» Dataset entries:
■ ■ ■
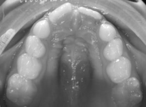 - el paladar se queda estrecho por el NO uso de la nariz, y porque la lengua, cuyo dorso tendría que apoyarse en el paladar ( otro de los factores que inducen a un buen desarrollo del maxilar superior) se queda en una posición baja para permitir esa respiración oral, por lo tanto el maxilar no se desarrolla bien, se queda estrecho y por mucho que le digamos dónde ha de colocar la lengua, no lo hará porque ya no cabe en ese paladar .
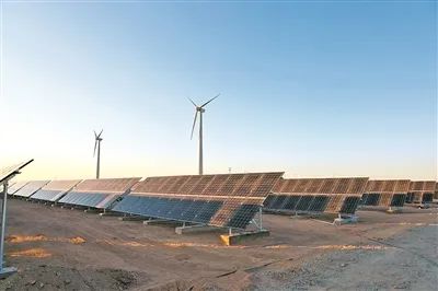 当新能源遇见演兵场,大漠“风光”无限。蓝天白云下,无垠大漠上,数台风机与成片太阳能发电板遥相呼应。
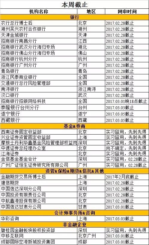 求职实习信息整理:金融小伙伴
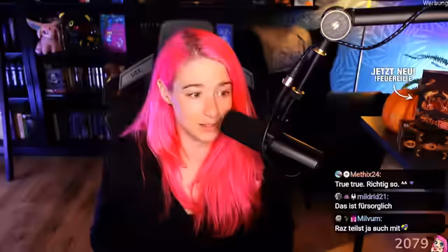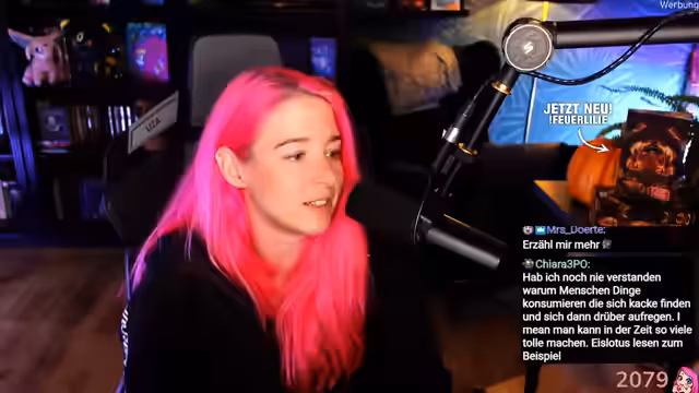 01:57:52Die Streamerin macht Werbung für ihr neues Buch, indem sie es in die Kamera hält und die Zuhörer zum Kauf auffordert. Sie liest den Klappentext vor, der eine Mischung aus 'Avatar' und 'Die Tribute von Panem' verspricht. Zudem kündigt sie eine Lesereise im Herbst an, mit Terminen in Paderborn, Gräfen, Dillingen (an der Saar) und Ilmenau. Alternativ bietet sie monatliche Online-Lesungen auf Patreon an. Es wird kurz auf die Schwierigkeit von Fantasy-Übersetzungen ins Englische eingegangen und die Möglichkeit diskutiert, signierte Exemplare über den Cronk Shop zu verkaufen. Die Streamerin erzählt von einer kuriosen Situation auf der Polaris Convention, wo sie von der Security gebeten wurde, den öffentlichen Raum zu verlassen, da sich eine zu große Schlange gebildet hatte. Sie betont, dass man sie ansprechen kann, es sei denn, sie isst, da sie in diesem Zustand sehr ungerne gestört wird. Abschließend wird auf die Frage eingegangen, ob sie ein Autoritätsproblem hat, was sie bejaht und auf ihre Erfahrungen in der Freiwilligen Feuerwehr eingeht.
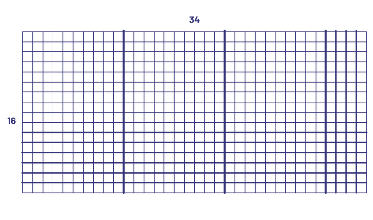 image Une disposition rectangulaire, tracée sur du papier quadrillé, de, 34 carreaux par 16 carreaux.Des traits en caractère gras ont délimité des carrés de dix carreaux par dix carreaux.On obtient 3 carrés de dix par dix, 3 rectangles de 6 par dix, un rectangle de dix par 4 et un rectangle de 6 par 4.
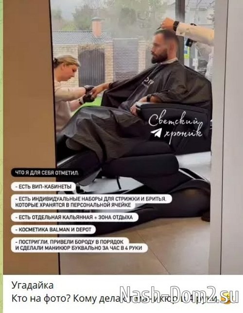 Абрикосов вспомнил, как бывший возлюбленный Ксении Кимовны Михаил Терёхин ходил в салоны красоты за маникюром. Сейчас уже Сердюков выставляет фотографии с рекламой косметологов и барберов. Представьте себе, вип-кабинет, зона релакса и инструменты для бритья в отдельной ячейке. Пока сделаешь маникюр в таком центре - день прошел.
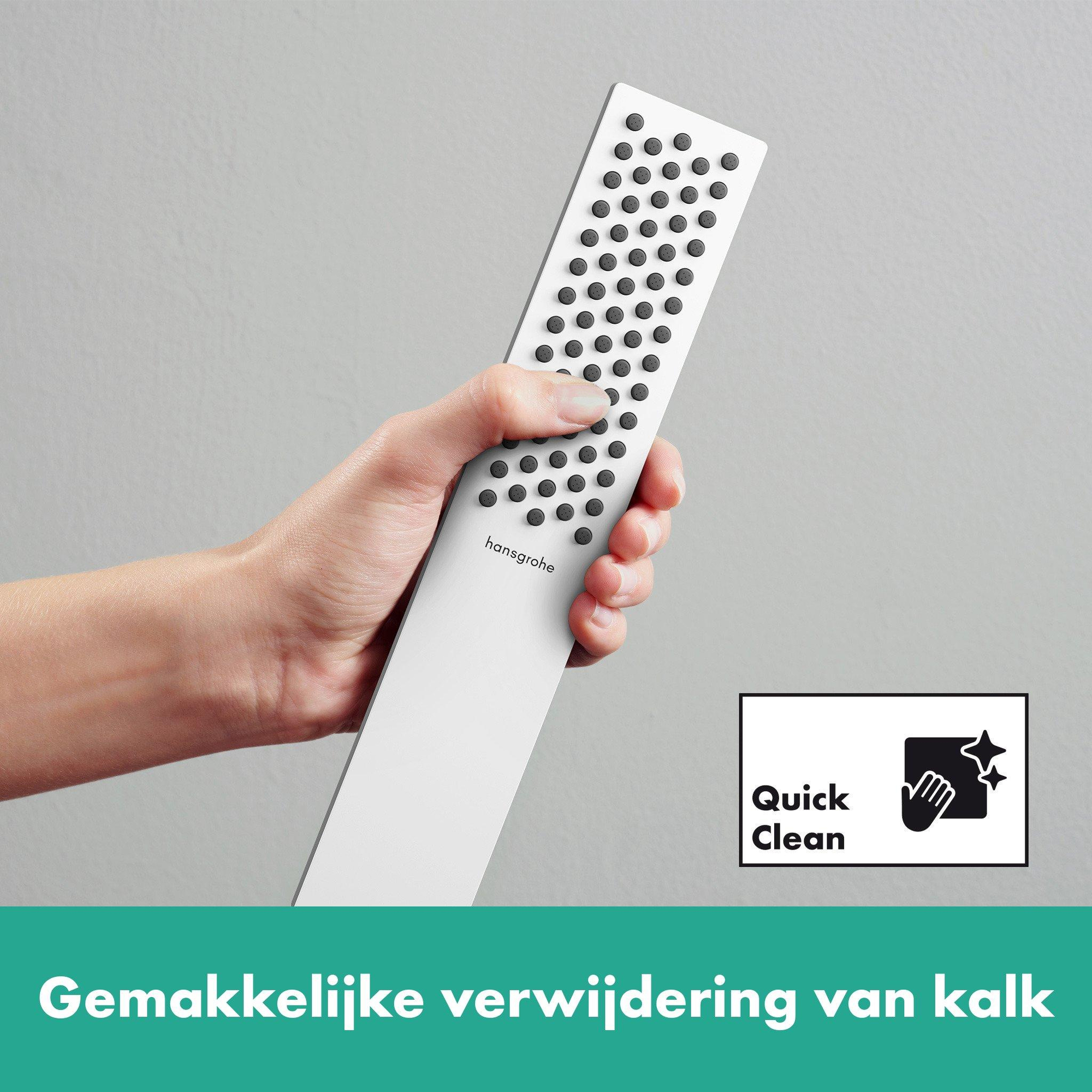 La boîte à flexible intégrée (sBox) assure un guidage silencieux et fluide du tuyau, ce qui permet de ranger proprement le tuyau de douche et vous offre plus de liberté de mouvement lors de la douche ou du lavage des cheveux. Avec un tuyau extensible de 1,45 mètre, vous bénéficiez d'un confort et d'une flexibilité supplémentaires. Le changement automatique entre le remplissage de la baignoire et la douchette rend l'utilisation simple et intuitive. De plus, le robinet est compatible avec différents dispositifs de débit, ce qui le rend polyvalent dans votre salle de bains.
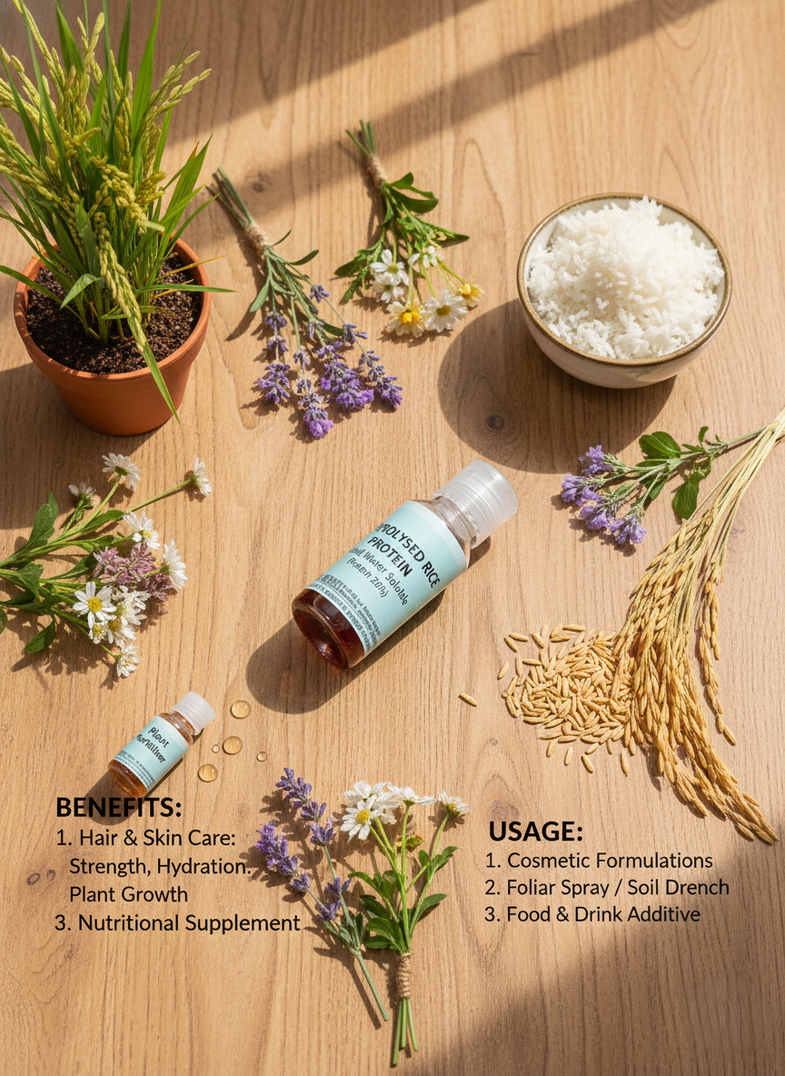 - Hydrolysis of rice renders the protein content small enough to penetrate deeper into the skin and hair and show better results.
■ ■ ■
» What this task involves:
Write down exactly what the lines above say, from the line holding "image Une disposition" through the line holding "Абрикосов вспомнил, как", and nothing more. Do not copy the pictures.

» Reply to the task:
 image Une disposition rectangulaire, tracée sur du papier quadrillé, de, 34 carreaux par 16 carreaux.Des traits en caractère gras ont délimité des carrés de dix carreaux par dix carreaux.On obtient 3 carrés de dix par dix, 3 rectangles de 6 par dix, un rectangle de dix par 4 et un rectangle de 6 par 4.
 Абрикосов вспомнил, как бывший возлюбленный Ксении Кимовны Михаил Терёхин ходил в салоны красоты за маникюром. Сейчас уже Сердюков выставляет фотографии с рекламой косметологов и барберов. Представьте себе, вип-кабинет, зона релакса и инструменты для бритья в отдельной ячейке. Пока сделаешь маникюр в таком центре - день прошел.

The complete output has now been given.